Despite economic development, human trafficking persists all around the world and includes a broad range of coercive and exploitive activities. 

Professor Walby said: “Human trafficking is defined in international law using the concept of coercion rather than violence. It's the exploitation of the vulnerability of others using coercion, which is considered so unacceptable that it has been designated a crime.  

“There is often violence in it, but force is not necessary for it to be legally defined a crime. Debt bondage for example, is a form of human trafficking. It might not involve physical force or chains, but the coercion involved with some types of debt results in people being controlled.”  

Her research outlines how human trafficking is not just an issue of crime, but of regulation of the economy, better welfare, and social protections.  
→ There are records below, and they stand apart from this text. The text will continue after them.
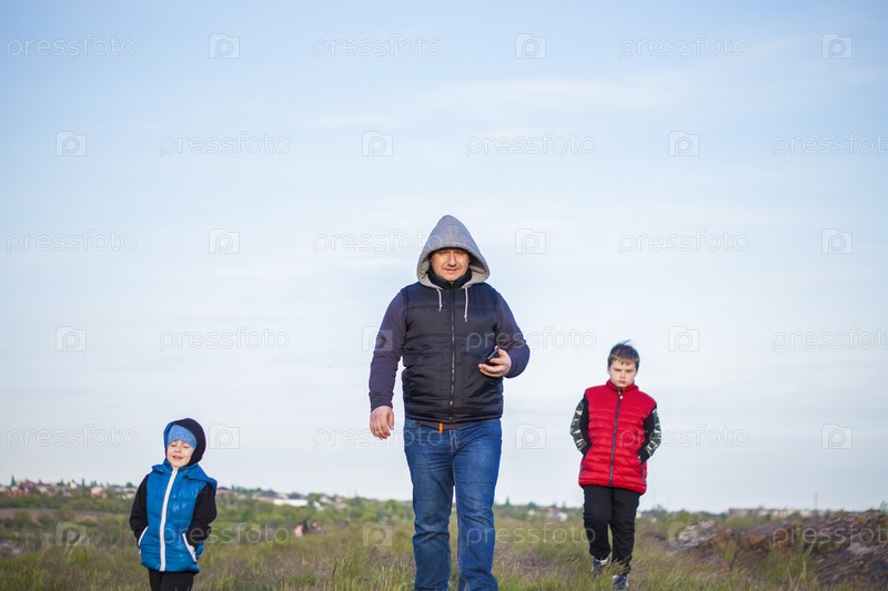 Мужчина и дети стоят на камне и наблюдают за тем, что происходит внизу. панорамный вид сверху. Россия, Ростовская область, скалеватая скала, седьмое чудо донского света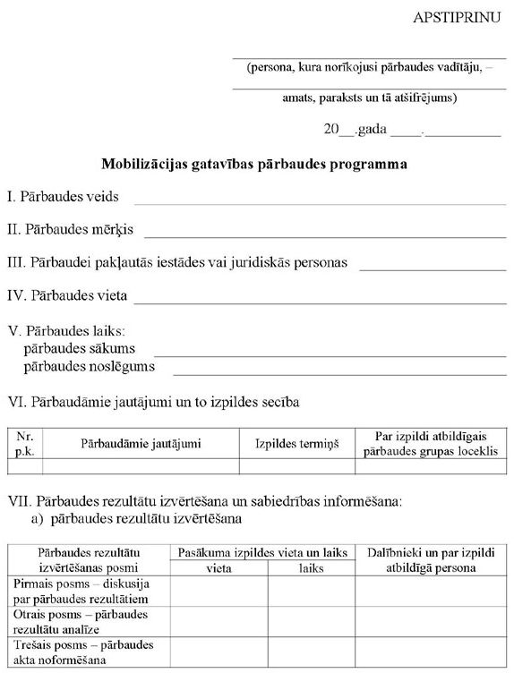 17.1. mobilizācijas gatavības pārbaudes programma (7.pielikums);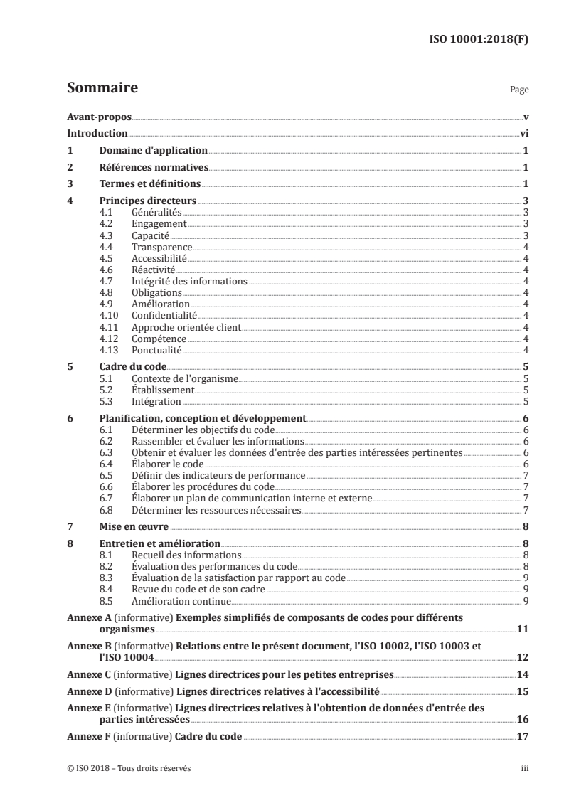 ISO 10001:2018 - Management de la qualité -- Satisfaction du client -- Lignes directrices relatives aux codes de conduite des organismes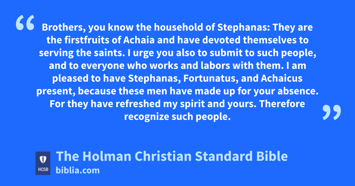 15 * Brothers, you know the household of Stephanas: They are the * firstfruits s of Achaia t and have devoted themselves to serving the saints. I urge you 16 also to submit to such people, and to everyone who works and labors with them. 17 I am pleased to have Stephanas, Fortunatus, and Achaicus present, because these men have made up for your absence. 18 For they have refreshed my spirit u and yours. Therefore recognize v such people.

“With this work, I’m trying to rebuild a theory of society which takes better account of gender inequality and violence, and human trafficking is an example of that. Some responses to violence have argued for increased mobilisation of the criminal justice system to address these acts. While it’s correct to criminalise these acts, often that’s not the most effective route to reducing them.  
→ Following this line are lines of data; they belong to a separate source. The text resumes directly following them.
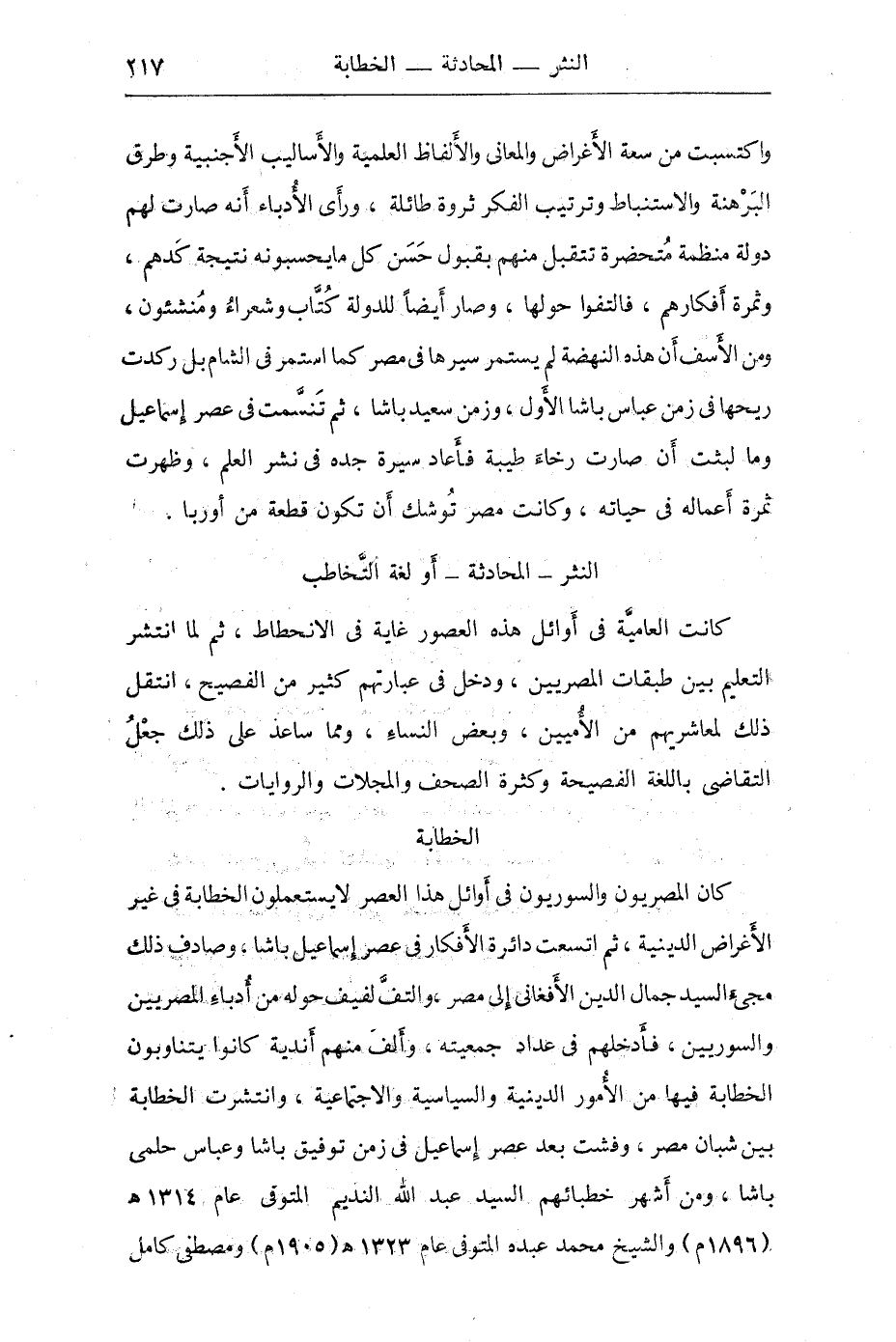 كان المصريون والسوريون أوائل هذا العصر لا يستعملون الخطابة في غير الأغراض الدينية، ثم اتسعت ائرة الأفكار في عصر إسماعيل باشا، وصادف ذلك مجيء السيد جمال الدين الأفغاني إلى مصر، والتف خوله لفيف من أدباء المصريين والسوريين، فأدخلهم في عداد جمعيته وألف منهم أندية كانوا ينتابون الخطابة فيها في الأمور الدينية السياسية والاجتماعية، وانتشرت الخطابة بين شبان مصر وفشت بعد عصر إسماعيل في زمن توفيق باشا وصاحب السمو الخديوي عباس باشا الثاني: ومن أشهر خطبائهم السيد عبد الله النديم، والشيخ محمد عبده، ومصفى باشا كامل، ومحمد بك فريد، وسعد باشا غلول، والشيخ عبد العزيز جاويش وغيرهم، حتى بلغت الخطابة في عصرنا هذا مبلغاً عظيماً.
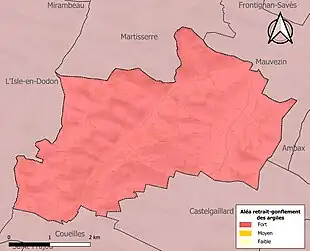 Le retrait-gonflement des sols argileux est susceptible d'engendrer des dommages importants aux bâtiments en cas d’alternance de périodes de sécheresse et de pluie. La totalité de la commune est en aléa moyen ou fort (88,8 % au niveau départemental et 48,5 % au niveau national). Sur les 69 bâtiments dénombrés sur la commune en 2019, 69 sont en aléa moyen ou fort, soit 100 %, à comparer aux 98 % au niveau départemental et 54 % au niveau national. Une cartographie de l'exposition du territoire national au retrait gonflement des sols argileux est disponible sur le site du BRGM[27],[Carte 3].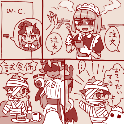 | … | 4726/01/03(土)02:38:18No.1388984527そうだねx6 1767375498367.png-(212728 B) >(混んできたカフェで複数席からの注文に混乱しはらはらと泣き出すメイドール) |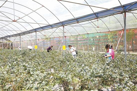 依靠特色水果种植实现增产增收、助推农业园不断发展壮大的还有东莞市麻涌创艺生态园老板袁万来。袁万来是麻涌本地人,经营着占地面积114亩的生态园,2018年,响应政府部门发展休闲观光农业号召,率先引进适合珠三角种植的南高丛系列品种蓝莓,实现了北果南种。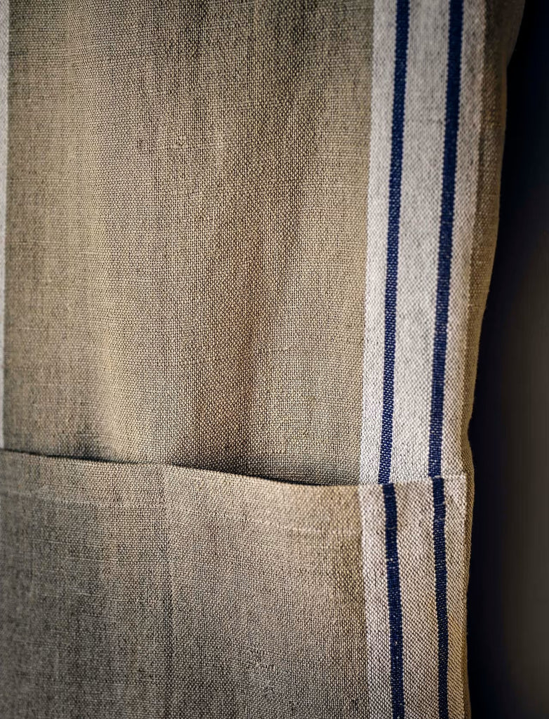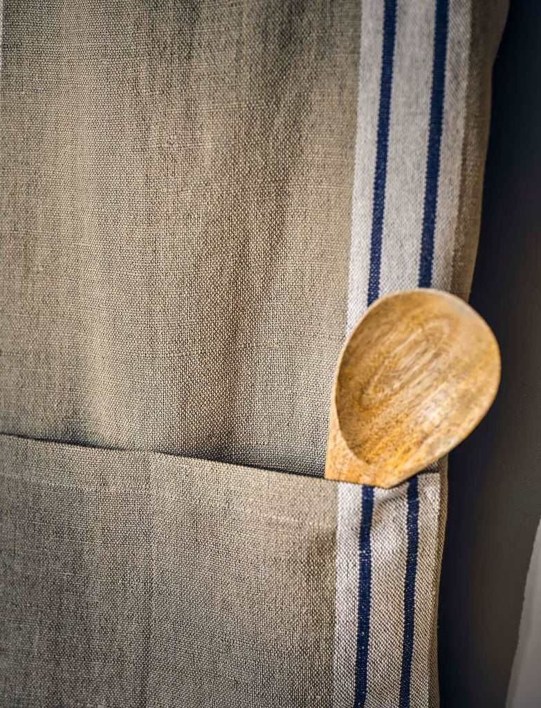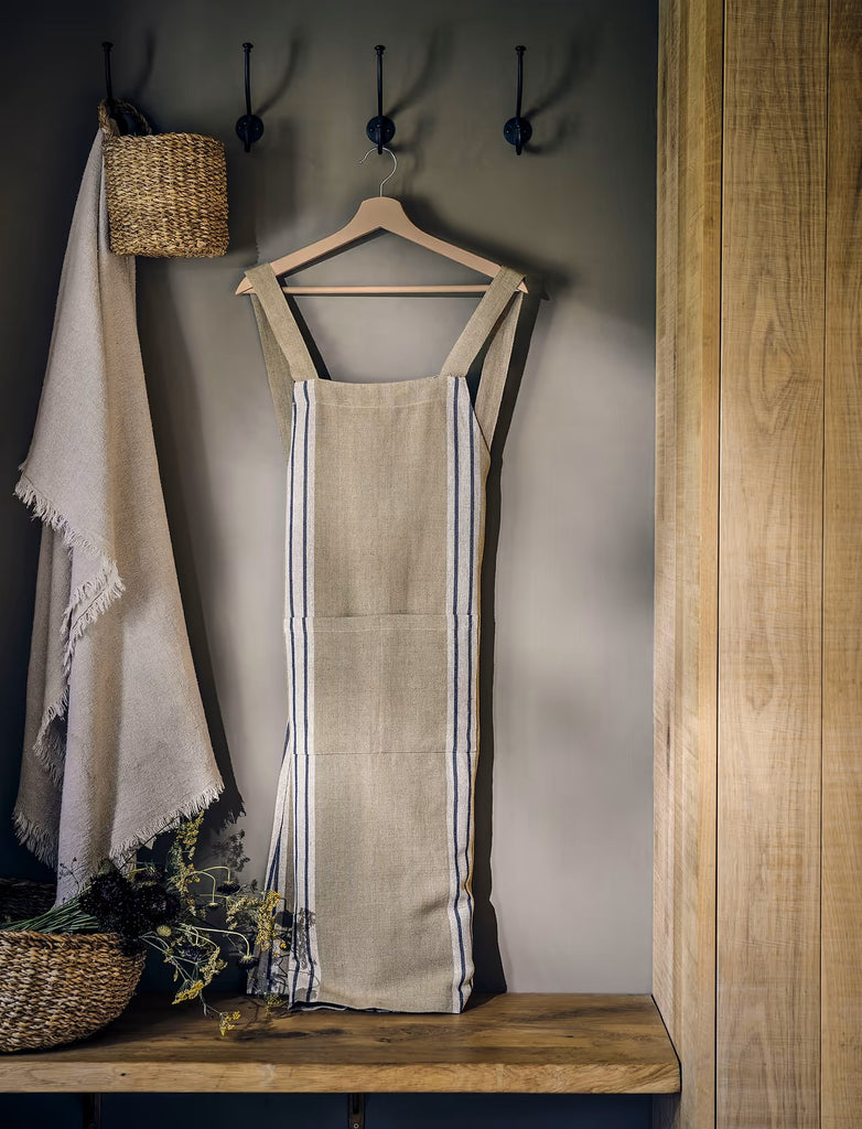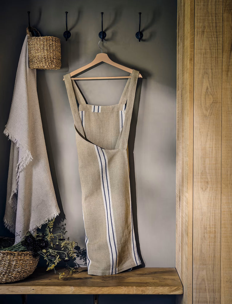 For cooking enthusiasts who love a bit of style, this crossback apron in a linen-cotton blend is a kitchen must-have. Its chic navy stripes add a touch of fun flair while the crossed straps at the back ensure full coverage, keeping your clothes safe from sneaky splashes and flour clouds - all with a dash of attitude!

“Our work suggests that better regulation of the economy and greater attention to following the profits is a more appropriate way to reduce trafficking. If the economy were better regulated, there would be fewer examples of these forms of exploitation. For instance, if it was not possible to take excessive fees from migrants seeking work, then people would be less likely to take on these odious forms of debt.”    

The book explores intersecting regimes that contribute to the cause of human trafficking such as gender inequality, capitalism, and the legacies of colonialism.  
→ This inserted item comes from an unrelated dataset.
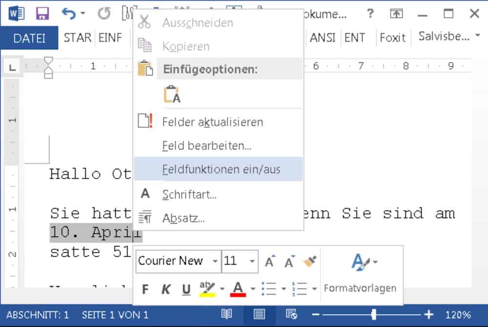 Fügen Sie wie gewohnt Ihre Seriendruckfelder ein, inklusive der Datumsfelder. Anschliessend gehen Sie in Ihrer Briefvorlage zu Ihrem «Datum»- oder «Altersangabe»-Feld und klicken Sie mit rechts drauf. Wählen Sie im Kontextmenü den Befehl Feldfunktionen ein.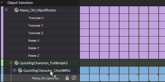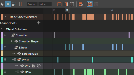 ドープシート(Dope Sheet)を使用してキーの時間を操作し、ビュー領域にカラー付きの長方形として表します。これらの長方形は、水平軸に沿って時間単位を表します。縦軸は、ドープ シート(Dope Sheet)のアウトライナに読み込まれている項目を表します。

“Human trafficking is often treated as either violent crime or economic inequality and employment. However, our research shows the importance of addressing both these aspects.  

“To develop the best interventions, we need to better understand human trafficking and the societal complexities that perpetuate it,” explained Professor Walby. 

Her research has been presented to the European Commission, United Nations, and the UK’s Home Affairs Select Committee. 

The book Traffic Chains: Modern Slavery in Society follows on from four related research reports funded by the European Commission designed to improve policy; the gender dimension of trafficking human beings, a comprehensive review of more than 300 projects, data on trafficking, and the societal cost of trafficking human beings.  

Professor Walby joined Royal Holloway last year but has researched violence, society, and gender inequality for many years and is a well-known global authority in the field. 

“My work in violence and society sits inside multiple disciplines so joining such a multidisciplinary Law and Criminology Department, which includes law, criminology, sociology, social policy to psychology has been a great benefit.”

There are many issues in the real world that criminology, sociology and other social sciences provide a scientific understanding of.  

“If you care about problems like violence, domestic violence, stalking, human trafficking and want to understand them beyond popular understandings, our degrees at Royal Holloway in criminology, and the joint degrees between criminology and the different social sciences, offer an excellent intellectual foundation to understand what’s going on in the world.”  

Professor Walby is now building a platform called the Futures of Violence. The project will bring people together from a wide range of disciplines, including the humanities, social sciences, and artificial intelligence.  

“It’s my hope that Royal Holloway will become the go to place for robust data and analysis of violence in the UK, Europe and globally,” she added.  

Professor Walby will be speaking on Futures of Violence at the UCL Sociology Network Annual Lecture on 6 June and the British Academy Summer Showcase on 11 July.